1. Field of the Invention
The present invention relates to a vibratory flowmeter method, and more particularly, to a method for forming a corrosion-resistant vibratory flowmeter.
2. Statement of the Problem
Vibrating conduit sensors, such as Coriolis mass flowmeters and vibrating densitometers, typically operate by detecting motion of a vibrating conduit that contains a flowing material. Properties associated with the material in the conduit, such as mass flow, density and the like, can be determined by processing measurement signals received from motion transducers associated with the conduit. The vibration modes of the vibrating material-filled system generally are affected by the combined mass, stiffness and damping characteristics of the containing conduit and the material contained therein.
A typical Coriolis mass flowmeter includes one or more conduits that are connected inline in a pipeline or other transport system and convey material, e.g., fluids, slurries, emulsions, and the like, in the system. Each conduit may be viewed as having a set of natural vibration modes, including for example, simple bending, torsional, radial, and coupled modes. In a typical Coriolis mass flow measurement application, a conduit is excited in one or more vibration modes as a material flows through the conduit, and motion of the conduit is measured at points spaced along the conduit. Excitation is typically provided by an actuator, e.g., an electromechanical device, such as a voice coil-type driver, that perturbs the conduit in a periodic fashion. Mass flow rate may be determined by measuring time delay or phase differences between motions at the transducer locations.

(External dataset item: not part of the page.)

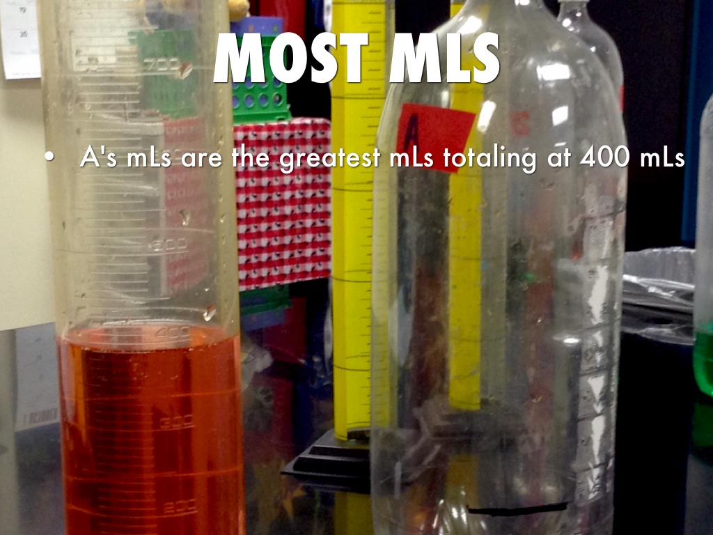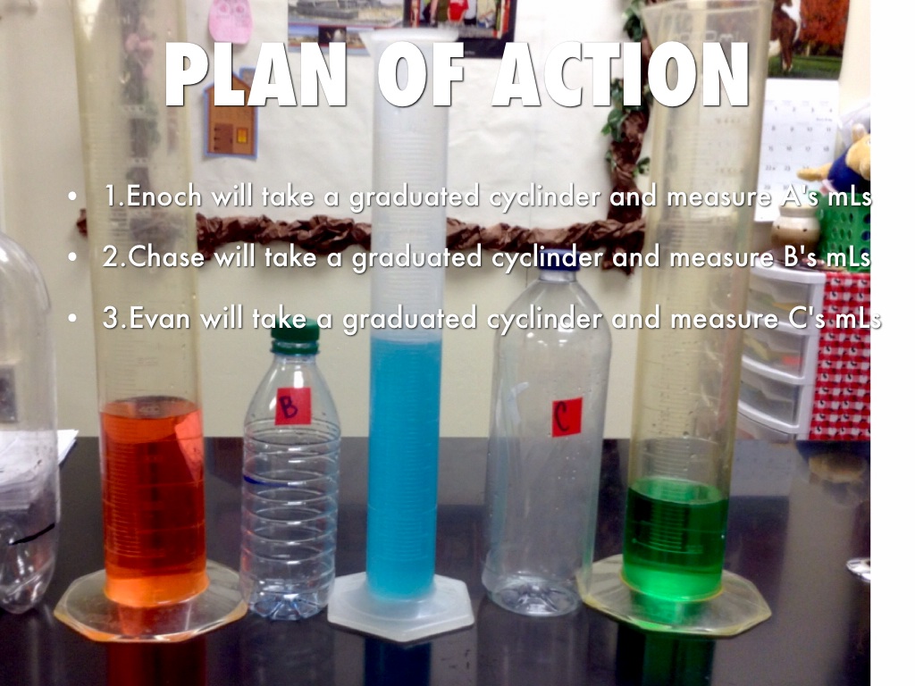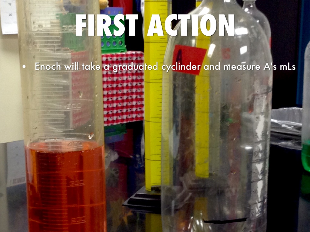 1.Enoch will take a graduated cyclinder and measure A's mLs

Two such transducers (or pickoff sensors) are typically employed in order to measure a vibrational response of the flow conduit or conduits, and are typically located at positions upstream and downstream of the actuator. The two pickoff sensors are connected to electronic instrumentation. The instrumentation receives signals from the two pickoff sensors and processes the signals in order to derive a mass flow rate measurement, among other things.
Vibratory flowmeters, including Coriolis mass flowmeters and densitometers, therefore employ one or more flow tubes that are vibrated in order to measure a fluid. Such flow tubes are commonly formed of metal in order to possess good vibrational characteristics and high strength, such as for high-pressure flow fluid applications.
However, vibratory flowmeters are often used for handling corrosive and/or chemically reactive materials. Metal flow tubes can be damaged by corrosive or reactive flow fluids. In addition, metal flow tubes may leach material from the flow fluid and/or the flow fluid may leach material from the flow tubes. Further, the coating or coatings may prevent erosion by providing a very hard surface. Moreover, the coatings may be slippery or present low coefficients of friction to a flow.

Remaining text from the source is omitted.